The new ruler must inevitably distress those over whom he establishes his rule. So it happens that he makes enemies of all those whom he has injured in occupying the new principality, and yet he cannot keep the friendship of those who have set him up.
— Machiavelli, The Prince
Flattery spurned the safety of his quarters for a brazen tour in the sunshine topside. Nevi and Zentz were on their mission and out of his way, the ragtag rebellion was failing under his security force, and he knew that whoever had Crista Galli had a big handful of trouble. He smiled widely to himself and turned his face to the sky. He loved the sky, the weather — how different from the controlled susurrations of Moonbase air! It was nearly time for the afternoon rain. Like the few other survivors of hybernation who had been reared in the sterility of Moonbase, Flattery had a feeling for weather.
He chose a parapet that looked downcoast, across the Preserve and into the wretched village that spilled from his gate.

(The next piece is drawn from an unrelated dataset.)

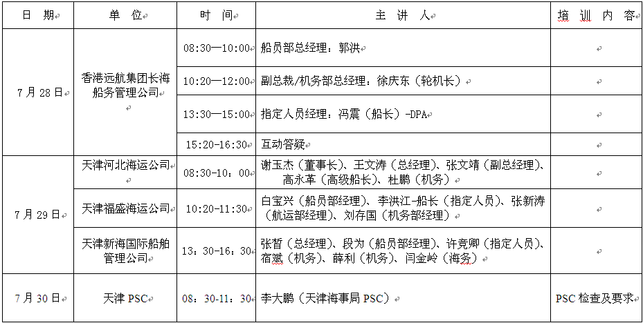 2016年7月28日7:30所有船員在公司集中然后乘大客車前往天津海運職業(yè)學院,乘車時間大約1個小時。7月30日中午飯后13:00所有船員返回公司。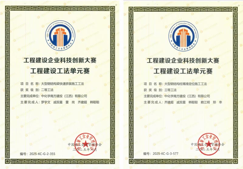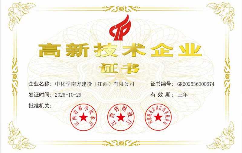 日前,中化学南方建投(江西)有限公司通过国家高新技术企业重新认定。在技术成果方面,五项发明专利获得正式授权,两项省级工法在中国施工企业管理协会的行业评选中分别荣获二等奖和三等奖。一系列核心成果的落地,勾勒出一条清晰的创新轨迹,标志着公司以科技创新驱动高质量发展迈出坚实步伐。

A boil of black smoke fanned inland with the upcoming wind. Flattery wore his brightest red lounging jacket so that the vermin could see he was very much alive, still very much the Director. So close to the borders of battle — now they would see the mettle they tested!
The presence of two suns unnerved him, even after these many years. Information from his kelp studies, from his geologists, proved that they were ripping the planet's crust like so much flatbread. The worst was yet to come, and he didn't intend to wait around for it.
Ventana, one of his messengers, approached the walkway below him.
"Reports on the kelpway disruption, sir."
She waved a messenger.
He signaled one of the guards, who inspected the device and then brought it to him. Flattery pulled his white hat farther down to shade his forehead. The wide-brimmed style was Islander, for political effect. It was a white hat because Flattery believed that white placed him on the side of truth and justice at a glance. He did not retrieve the reports immediately. He knew what was inside: nothing. And by this time the afternoon cloud cover obscured an Orbiter view of the number eight sector.
His passion for weather did not include the suns' ravages of his uncooperative skin. Two pink blotches peeled on his forehead and Flattery tried not to scratch them. His personal physician had removed two such spots only a month ago, and now this.
The people have to see me, he thought. There is no substitute for the proper exposure.